The proposed new rule would have required that any new spending amendments to the budget proposed on the floor be offset by a proposal for an equal cut somewhere else.

Finneran tried to sell it as good fiscal discipline. "That makes everybody a quasi-chairman of Ways and Means. They have to show responsibility," he said, with a straight face. This time, the rank and file didn't buy it. They knew most members are neither chairs or Ways and Means Committee members, and would have virtually no influence over the budget if their amendment wings were clipped.

For a moment, a growing number of members seemed concerned about the perception of them as Finneran's little lambs, following him in lock step, to the detriment of the citizens who elect members to represent them -- not the speaker's will.

Finneran ended up taking some bad practices that made the House the laughingstock of the nation last year, proposing a few rules to "correct" them under the label of "reform" -- and wound up with his power increased, the House more under his thumb than ever.

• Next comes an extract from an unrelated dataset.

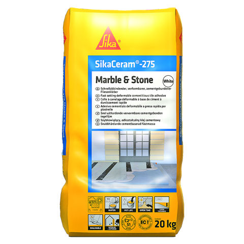 Malta adesiva bianca a presa rapida, elastificata, dalla consistenza regolabile, contenente trass, per la posa di piastrelle e pietra naturale in strato sottile e medio e in letto fluido in spessori fino a 30 mm. Soddisfa i requisiti della classe C2 FTE S1 secondo la EN 12004, C2 FE S1 con consistenza fluida.

Though the membership did some good things yesterday, the House didn't shake the public scorn it acquired last spring. That followed its gawd-awful "Animal House" antics when the House jammed the state budget through in an all-night session as some members boozed it up, slept at their desks and even voted for absent colleagues (one on a plane when the roll call was held). This is how it tried to change the image:

The membership -- with only a handful of change-minded legislators dissenting -- voted for rules that make it easier for the speaker to kill bills he loathes, to limit debate and schedule roll calls so rapidly on poorly documented bills that many members often don't know what they're voting on.

The House rejected a new rule that would have permitted a legislator to vote for another member who's absent. He would have had to pair with that member; in other words, make sure he or she is on the opposite side of an issue and publicly announce it for the voting record.

In a burst of common sense, the House still officially disapproves such "phantom voting."

Finneran had favored the idea of pairing votes, apparently as a convenience to members who were busy doing his bidding in committees during roll call votes. But that never has beat heeding the old-fashioned notion that your constituents sent you there to vote on their behalf in person.

You could tell that to King Tom, but what does he care?